Gut Hormones (7-8) Flashcards
What are some features of gut hormones?
→ all peptide hormones
→ many found elsewhere (e.g. brain)
→ act in both paracrine and endocrine fashion
What are some hormones of the upper gut/stomach?
Ghrelin → hunger, growth hormone releasing
Gastrin → acid secretion
What are some hormones of the middle gut/duodenum?
Secretin → pancreatic exocrine secretion
GIP → incretin activity
Motilin → gastrointestinal motility
What is the gross anatomy of the GI tract?
GI = gastrointestinal
→ a long continuous muscular digestive tube
involved in: ingestion, propulsion, mechanical digestion, chemical digestion, absorption, defecation
What are some functional considerations of the GI tract?
→ substances in the GI tract lumen are outside of the body
→ multiple sensors and receptors line the GI tract to monitor contents and respond to conditions
→ controls: intrinsic (local control) and extrinsic (CNS)

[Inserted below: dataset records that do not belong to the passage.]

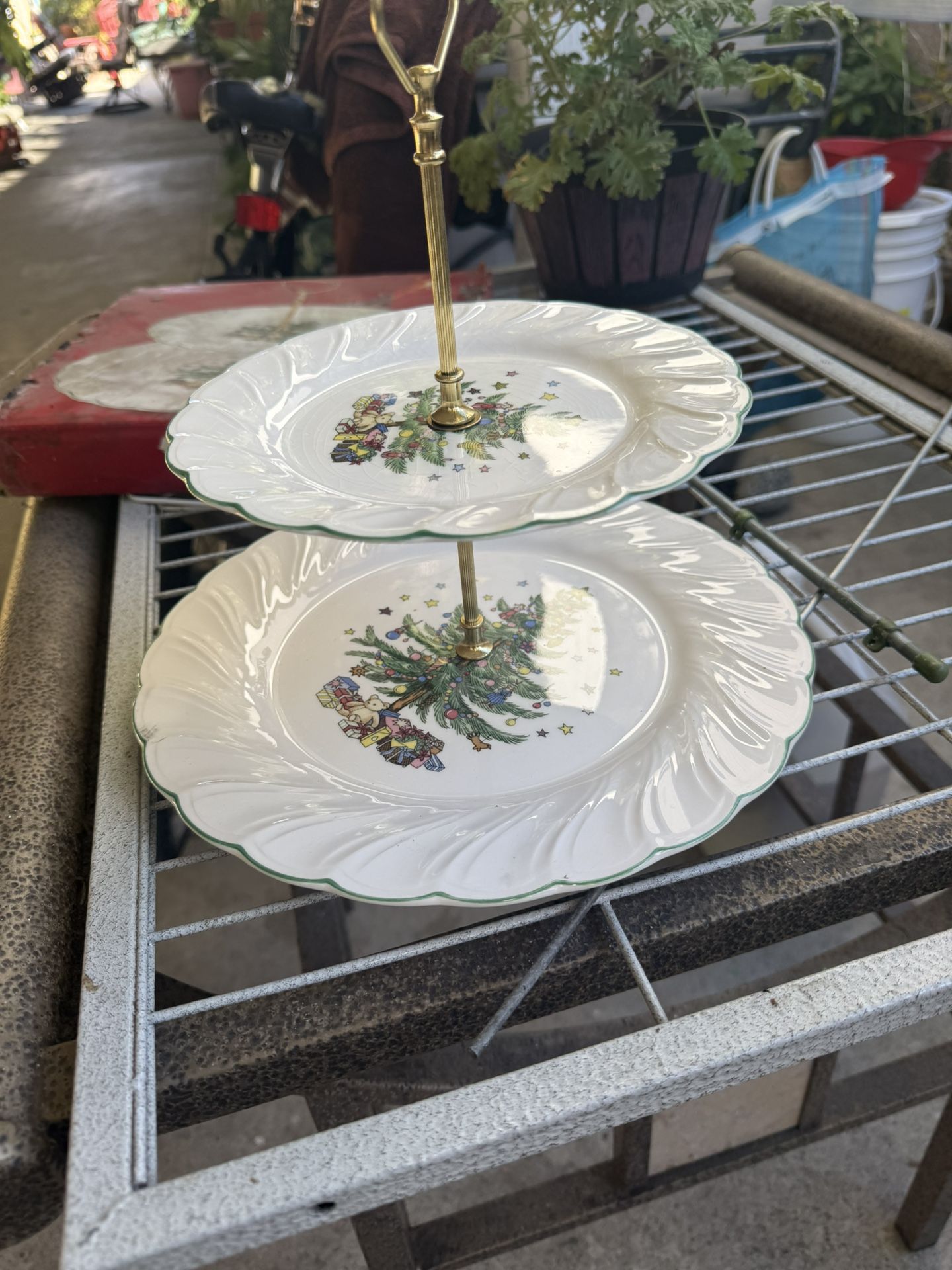 Nikko Happy Holidays (or Christmastime pattern) two-tier serving tray with a brass-colored handle.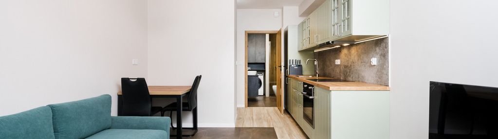 - W pełni umeblowane i wyposażone (zabudowa kuchenna, AGD, pralka, TV, szafa w zabudowie)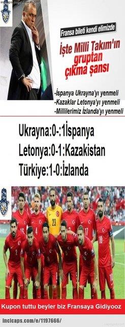 Türkiye İzlanda'yı, Kazakistan da Letonya'yı yenince Fransa'daki Avrupa şampiyonasına direk katılma hakkı kazandık. Türkiye-İzlanda maçı capsleri sosyal medyayı salladı

What are the four tunics of the GI tract?
Mucosa → epithelium, lamina propria, muscular mucosae
Submucosa → glands, receptors
Muscularis externa → longitudinal muscle, circular muscle
Serosa → epithelium, connective tissue
Does the innermost mucosa differ throughout the GI tract?
The histology/morphology is slightly different throughout
→ oesophagus, stomach, small intestine, large intestine differ - functional diversity
→ same tunics are there
→ e.g. small intestine - more absorpative
Where are the endocrine cells found?
Gastric pits in the stomach lining
→ gastric pits lead to gastric glands
Cells in gastric gland change as you go down
→ mucous cells, parietal cells, chief cells and enteroendocrine cells
What is the function of parietal cells?
Produce HCL
→ maintain acidic environment for proper digestion and nutrient absorption
→ controlled by enteroendocrine cells
→ acidity changes biology of Na H+ pumps
What is the function of chief cells?
Role in secreting enzyme pepsinogen
→ becomes active form pepsin in acidic environment
What is the function of enteroendocrine cells?
Paracrine
Neuronal → afferent vagal, splanchnic and enteric nerves
Endocrine → enters blood
Regulates digestive and metabolic functions, appetite and energy homeostasis
What are 7TM chemosenesors?
G-protein couples receptors found on entero-endocrine cells in the GI tract
→ have 7 transmembrane domains
→ involved in detecting luminal contents - nutrients, metabolites etc
e.g. short chain fatty acids → GPR41
proteolytic products → GPR93
bile acids → GPR131
activation causes release of GI-tract hormones
What are G-cell endocrine cells?
Type of endocrine cell found in stomach responsible for releasing gastrin
Food enters stomach
→ signals in pit to G cell
→ G cells sense increase Ca2+
→ release gastrin
→ gastrin regulates parietal cells
→ release of HCl
regulate gastric acid secretion and maintaining digestive function
How does gastrin work?
Controls acid secretion directly → via CCK receptors on parietal cells
Control acid secretion indirectly → through inducing histamine containing ECL cells
Regulated by pH and somatostatin
Also drives mucosal growth and effects gastric motility
What signals to parietal cells?
Parietal cells have many signals - lots of things controlling them
→ direct from gastrin
→ histamine from ECL
→ neural input
→ feedback via somatostatin from D cells
How is the movement of membrane and vesicles regulated in parietal cells?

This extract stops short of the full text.